Home » Roger Daltrey, Lead Singer of The Who, Resigns as Curator for Royal Albert Hall’s Teenage Cancer Trust Concerts

Roger Daltrey, Lead Singer of The Who, Resigns as Curator for Royal Albert Hall’s Teenage Cancer Trust Concerts

Roger Daltrey Steps Down as Curator for Teenage Cancer Trust Concerts at Royal Albert Hall Roger Daltrey, the co-founder and lead singer of The Who, has announced his decision to step down from his role as the Curator of the Teenage Cancer Trust (TCT) concerts held at the Royal Albert Hall.

This news coincides with the unveiling of the lineup for the 2024 show, featuring artists such as Noel Gallagher’s High Flying Birds, Squeeze, Blossoms, Young Fathers, Paul Weller, Robert Plant, Pete Townsend, Eddie Vedder, and The Chemical Brothers. The charity event, scheduled for March 18th, 2024, will honor Daltrey’s significant contributions as founder and curator, as he transitions to the role of the charity’s honorary patron.

Since its inception in 2000, Daltrey has played a pivotal role in the flagship shows, hosting a myriad of stars like Paul McCartney, Oasis, Kasabian, The Cure, Florence + The Machine, and others. The concerts raise funds for TCT, supporting young individuals diagnosed with cancer. With Daltrey stepping down, the organization plans to collaborate with guest curators starting in 2025.
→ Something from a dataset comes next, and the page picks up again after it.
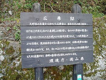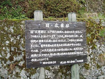 広兼氏は大野呂の庄屋で、同家2代元治が享和、文化の頃、小泉銅山とローハ(ベンガラの原料)製造を営み巨大な富を築き、二階建ての母屋、土蔵3棟、桜門、長屋、石垣は文化7年(1810年)の建築で庭園には水琴窟が設けられており、規模、構造とも雄大な城郭を思わせる構えで、今もそのままに当時の富豪を偲ばせている。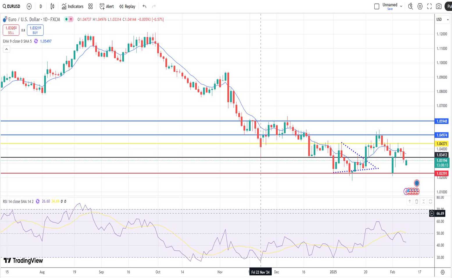 Στην προσπάθειά μας να προβλέψουμε την ισοτιμία ευρώ-δολαρίου με βάση την τεχνική ανάλυση, την περασμένη εβδομάδα, με ημερομηνία αναφοράς την 3η Φεβρουαρίου 2025, παρατηρούμε πόσο δύσκολο έχει γίνει πλέον να κάνουμε ακριβείς και αξιόπιστες προβλέψεις για την πορεία της ισοτιμίας EUR/USD, κυρίως λόγω της εκλογής Τραμπ και των δασμών που έχει επιβάλει. Αυτό έχει δημιουργήσει τρομερη μεταβλητότητα στις αγορές κεφαλαίου και χρήματος παγκοσμίως!

Daltrey expressed, “The £32 million raised from these concerts has been the foundation for the 28 specialized units within the NHS, as well as specialist nurses and youth workers to be there for a young person when cancer has turned their world upside down.”

Noel Gallagher, who participated in the inaugural event, emphasized the charity’s personal significance, stating, “it is a charity very close to my heart,” and affirmed his attendance en masse.

Kate Collins, chief executive of TCT, acknowledged Daltrey’s invaluable contributions, stating, “Quite simply, we would not be the charity we are without Roger and these shows, and – more importantly than that – thousands of young people with cancer in the UK would not have had the specialist support and care they urgently need.”